Whump thump, whump thump, whump thump, the swiping blades managed to clear two symmetrical half-circles of glass on the windshield, but the side windows were quickly growing opaque under layer upon layer of relentless snowflakes. Beth took a deep breath and continued her assessment.

In addition to the storm feeling ‘wrong’, she had no idea where she was. Oh sure, she was headed north on Highway 32, but that was all she could be sure of. Was she safely parked on the shoulder of the road, sitting in her own lane, or parked in the middle of the blacktopped area strictly reserved for oncoming traffic? Worse, if she stayed where she was, would the county plow that eventually happened along even see her, or would the driver’s first indication of the parked vehicle be when the two-ton blade impacted with her truck and sent the Bronco flying?

Searching for a distraction, she glanced down at the fuel gauge. With a sense of relief, she noted that she still had three-quarters of a tank. Stopping to gas up at the last filling station she’d passed had been a good idea; however, the large cup of coffee she’d bought to help her stay awake had not been. Her straining bladder was protesting the 16 ounces of caffeinated liquid and the unending stretch of road. She threw her head back hard against the headrest. Once again, as she had many times in her life, she questioned the advantage of being a member of the ‘softer’ sex. If she were a man, this wouldn’t be any problem. She’d simply step out of the vehicle, turn her back to the wind, and relieve herself without a second thought. Hell, she’d probably write ‘I was here’ just to kill time as she completed the task. But no, as a woman the process was slightly more complicated. She’d have to hunker down on the leeward side of the Bronco and hope that no wayward car, or snowmobile, or snow-blind owl, happened along while she was frozen in place with her nether-regions exposed to the biting wind and snow. Why again, exactly, had she chosen to live in Wisconsin her entire life? Peeing in the dark on the side of a county highway in the middle of a nor’easter was certainly not on the list.

She reached across and opened the glove box. Too many trips through the Burger King drive-through assured that there were plenty of napkins for just such an emergency. With a loud, almost theatrical, sigh—and the realization that she was sighing far too often as of late—she grabbed a handful of napkins and gathered her courage. She began to open the door, then paused. As a quick afterthought, she reached in and switched the headlights off and the dome light on. The dome light was more subtle than the glaring headlights, and it would help assure that she didn’t become disoriented and wander too far from the safety of the truck. Hell, who was she kidding? If anyone did happen along, she was hoping the softly-lit vehicle interior would serve as a distraction; she hoped they’d focused on it and not on her, especially if her nether-regions were not yet safely tucked away.

Satisfied she’d thought of everything for this current—and pressing—challenge, she cleared her mind, braced herself for the cold, and pulled up on the well-worn handle. Groaning in protest, the Bronco’s door opened into the wind and she had to lean against it to keep it in place as she stepped out. The driven snow, brutally cold, took her breath away and she began to reconsider the prospect of relieving herself, but her bladder would have nothing to do with turning back.

With her back to the wind, she stumbled around the back end of the Bronco and then around to the passenger side. There, in relative shelter from the driven snow, she took care of what needed to be done, refastened her jeans with cold and trembling fingers, and made her way back to the driver’s side door. Her upper thighs and buttocks tingled from their brief exposure to the elements, and she was looking forward to climbing back into the Bronco’s heated interior.
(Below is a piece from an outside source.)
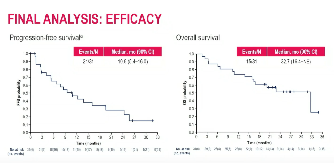 mPFS为10.9个月(90%CI:5.4~16.0)。mOS为32.7个月(90%CI:16.4~不可估计)。
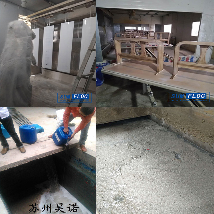 涂裝車(chē)間水簾柜里的循環(huán)油漆廢水怎么處理?近期有噴涂行業(yè)噴漆房操作人員咨詢水簾噴漆房廢水如何處理?處理噴漆房水簾循環(huán)水藥劑也就是我們說(shuō)漆霧凝聚劑,當(dāng)落噴漆進(jìn)入水簾式噴漆房與水幕相遇,會(huì)被沖刷到水池內(nèi)。而在漆霧凝聚劑的作用下可以使得漆渣慢慢地凝聚起來(lái),懸浮于水面上,易于打撈和清除。

Through the snow-covered side window, the dome light glowed softly, bathing the vehicle’s interior with a soft, yellow light. Relief washing through her, she reached for the door handle and depressed the button with a numb thumb. Nothing. The door did not budge. Refusing to believe the obvious, she pushed in on the button again; it stopped part way, and she knew what that meant. The door was locked. But, it couldn’t be. She hadn’t pushed down the lock button when she got out, and the vehicle did not have electronic locks (which were known to be temperamental and arbitrarily lock themselves); the only way to lock this door—or the passenger door—was to physically push down on the button from inside. Fighting back terror, she brushed the snow from the glass and glanced at the lock button which rested on the top back edge of the door. The mushroom-shaped knob was definitely depressed; its neck hidden within the door. Her gaze crossed the softly-lit distance to the passenger side, daring to hope. As she’d feared, that button was also in the down position. Somehow, both doors had locked themselves. To make matters even worse, her phone was resting right where she’d left it, on the passenger seat, and the keys were dangling from the ignition—warm, and safe, and dry—and totally inaccessible.

This couldn’t be happening. Doors don’t lock themselves. For one door to suddenly be locked was more than unlikely; for both to be locked was utterly impossible. She never locked the doors; it was a god damn 1995 Bronco, who would want it? With 208,000 miles on the original engine and drivetrain, she couldn’t give it away—and the fact that it was all she could afford at this stage in her life was downright embarrassing. But, embarrassing or not, it was the truth; and right now she wanted nothing more than to be inside her aging vehicle with the heat cranked up and the blower on high.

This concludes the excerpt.